Sit back and let the bots, MBAs and consultants slug it out

The writer is a former head of responsible investment at HSBC Asset Management and previous editor of Lex

What a time to be a business columnist — and thank goodness I’m not one. Having to ponder what chatbots mean for companies the world over is some ask. Bill Gates calls “generative AI” as important as personal computers or the internet. A thousand words by Monday?

Then something on the latest MBA rankings, please. Also this week the management consulting industry took a pummelling in the new book The Big Con. What do both mean for employers and their staff? Argh!

Writing about investing means I don’t worry about such things. Will Alphabet be dethroned by Microsoft? Let’s see. Which business schools produce the most chief executives? Yawn. Are McKinsey, Boston Consulting Group and Bain worth the fees? Dunno.

These are key stories, obviously. But the understanding of companies isn’t so important when it comes to investing. Likewise, how firms are run doesn’t move aggregate returns much. There are plenty of good reasons to do an MBA or hire a management consultant. Ironically, however, performance ain’t one of them.

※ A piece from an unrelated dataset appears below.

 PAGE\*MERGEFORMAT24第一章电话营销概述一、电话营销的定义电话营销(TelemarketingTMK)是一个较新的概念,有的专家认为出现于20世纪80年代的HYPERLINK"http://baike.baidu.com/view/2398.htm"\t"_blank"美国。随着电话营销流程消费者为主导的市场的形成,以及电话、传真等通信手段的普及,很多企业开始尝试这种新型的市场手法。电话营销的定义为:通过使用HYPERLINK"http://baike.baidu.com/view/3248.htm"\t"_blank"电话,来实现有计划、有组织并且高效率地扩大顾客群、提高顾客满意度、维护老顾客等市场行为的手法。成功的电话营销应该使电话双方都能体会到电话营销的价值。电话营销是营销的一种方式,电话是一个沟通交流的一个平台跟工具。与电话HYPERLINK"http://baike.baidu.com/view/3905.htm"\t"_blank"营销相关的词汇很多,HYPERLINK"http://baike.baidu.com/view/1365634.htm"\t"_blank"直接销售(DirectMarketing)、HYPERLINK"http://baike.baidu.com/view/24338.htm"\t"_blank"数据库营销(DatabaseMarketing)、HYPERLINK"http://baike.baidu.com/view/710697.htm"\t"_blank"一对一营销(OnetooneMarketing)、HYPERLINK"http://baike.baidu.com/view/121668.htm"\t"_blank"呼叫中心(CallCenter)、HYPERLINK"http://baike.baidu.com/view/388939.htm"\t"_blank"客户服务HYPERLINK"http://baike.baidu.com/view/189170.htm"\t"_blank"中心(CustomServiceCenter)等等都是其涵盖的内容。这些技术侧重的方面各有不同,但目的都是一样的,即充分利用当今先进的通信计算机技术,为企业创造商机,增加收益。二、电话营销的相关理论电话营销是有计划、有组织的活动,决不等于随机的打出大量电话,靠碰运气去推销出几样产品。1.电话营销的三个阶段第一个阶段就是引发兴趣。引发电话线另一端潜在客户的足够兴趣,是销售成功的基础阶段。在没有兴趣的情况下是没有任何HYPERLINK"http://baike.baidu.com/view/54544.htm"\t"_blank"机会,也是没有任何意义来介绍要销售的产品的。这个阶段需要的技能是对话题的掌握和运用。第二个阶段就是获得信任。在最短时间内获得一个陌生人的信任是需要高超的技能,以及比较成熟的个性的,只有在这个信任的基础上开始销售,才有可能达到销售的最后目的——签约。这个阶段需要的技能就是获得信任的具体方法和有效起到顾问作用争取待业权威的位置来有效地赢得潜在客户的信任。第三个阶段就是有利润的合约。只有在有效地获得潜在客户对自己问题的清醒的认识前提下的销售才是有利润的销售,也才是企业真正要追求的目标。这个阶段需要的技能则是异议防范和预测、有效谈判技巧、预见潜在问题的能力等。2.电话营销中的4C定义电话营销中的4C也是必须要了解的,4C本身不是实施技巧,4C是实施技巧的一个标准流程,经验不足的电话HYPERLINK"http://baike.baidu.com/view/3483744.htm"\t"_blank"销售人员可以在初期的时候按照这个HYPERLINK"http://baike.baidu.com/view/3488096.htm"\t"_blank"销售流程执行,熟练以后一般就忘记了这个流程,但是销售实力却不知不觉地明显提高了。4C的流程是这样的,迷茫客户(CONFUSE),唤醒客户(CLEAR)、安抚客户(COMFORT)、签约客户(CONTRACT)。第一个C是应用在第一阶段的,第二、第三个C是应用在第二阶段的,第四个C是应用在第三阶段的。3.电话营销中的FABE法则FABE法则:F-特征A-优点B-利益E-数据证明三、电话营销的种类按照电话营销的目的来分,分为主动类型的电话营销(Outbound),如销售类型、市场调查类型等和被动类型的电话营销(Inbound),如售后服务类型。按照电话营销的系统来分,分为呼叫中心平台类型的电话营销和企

While it is obvious the rise of ChatGPT has different implications for different businesses, knowing what these are ex ante is impossible. Hence why 63 per cent of active equity fund managers underperformed their benchmarks last year in Europe, according to Lipper.

And the winners are always few. In a 2018 paper in the Journal of Financial Economics, for example, Professor Hendrik Bessembinder analysed the returns of all companies listed on the NYSE, Amex and Nasdaq exchanges from 1926 to 2016. Total net wealth created was due to just 4 per cent of the 26,000 stocks.

That is why I recommend only investing in passive funds. Then it doesn’t matter if everyone switches from Google to Bing to Baidu — or if they don’t. Yes, my portfolio will own loads of dud companies along the way. But the handful that smash it out of the park should more than compensate for the swing-and-missers.

Which brings us to those MBAs and management gurus. Why are there so many poor-performing shares when 250,000 students are enrolled as masters of business administration each year? And what’s been gained from the almost trillion dollars per annum spent on consultancies worldwide?

From an investment perspective, nada. The average real return for US equities over the previous 30 years is 6.7 per cent. As it was when calculated in 2000, 1950, 1909 and 1876 — to choose just a few dates from data compiled by Jeremy Siegel.

So many expensive lectures on leadership and cash flow. All those PowerPoint decks. For what? That equity returns are more or less stable is intuitive. When they are high, investors pile in and there is less to go round. Too low and capital exits, leaving more on the table.

That is not to say humanity isn’t better off. The quality of products and services, from phones to eye surgery, improves each year. Companies have scaled-up volumes and shortened delivery times beyond imagination. But again, that’s a business story, not an investment one.

Profit margins have risen in most developed markets since the early 1990s. But as with equity returns, profitability seems to fluctuate around a mean over the long run — albeit glacially. Excluding depreciation, US profits as a percentage of gross domestic product were in gentle decline for 50 years before 1992.

That earnings don’t go up forever also makes sense — no matter what Deloitte or KPMG promise their clients. The Kalecki-Levy profit equation, first described in 1908, reminds us that income is produced by companies, households or governments. Simply put, firms can only grab more of the pie by taking it from the other two. Assuming constant government spending, household savings must contract. Given they’re customers too, profitability is capped.

Great innovations do boost productivity though — especially on the mass market. Like steam engines or biotechnology, the hope is that chatbots become one of these so-called “general purpose technologies”. Productivity helps boost economic growth and ultimately stock markets.

So fingers crossed for an AI revolution with MBAs and management consultants leading the charge. It will be noisy and bloody, with victims galore. Companies and perhaps entire sectors will lose their heads.

But it was ever thus. In the same 90-year study above, the average life of a stock was 7.5 years. Thankfully, however, we investors can view the action from afar, reading the odd dispatch from overworked business columnists, knowing we’re richer whatever the outcome.